I would suggest — as Michael did — switching to httr
for reasons I'll go into in a bit, but this wld be a better httr
idiom:
library(httr)
res <- GET("http://dogecoin.com/")
content(res)
The content()
function extracts the raw response and returns an xml2
object which is similar to the XML
library parsed object that you would likely have been using given the use of RCurl::getURL()
.
The alternative way is to add some crutches to RCurl::getURL()
:
html_text_res <- RCurl::getURL("http://dogecoin.com/", encoding="gzip")

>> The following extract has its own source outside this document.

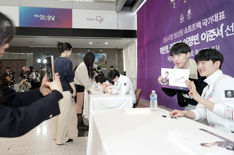 성남시는 이날 팬 사인회에 앞서 행사장에서 시청 빙상팀 선수단에 총 3억7500만원의 포상금을 전달했다.

Here, we're explicitly informing getURL()
that the content is gzip'd, but that's fraught with peril in that if the upstream server decides to use, say, brotli encoding, then you'll get an error.
If you still want to use RCurl
vs switch to httr
I'd suggest doing the following for this site:
RCurl::getURL("http://dogecoin.com/",
encoding = "gzip",
httpheader = c(`Accept-Encoding` = "gzip"))
Here' were giving getURL()
the decoding crutch but also explicitly telling the upstream server that gzip is 👍 and that it should send data with that encoding.
However, httr
would be a better choice since it and the curl
package it uses deal with web server interaction and content in a more thorough way.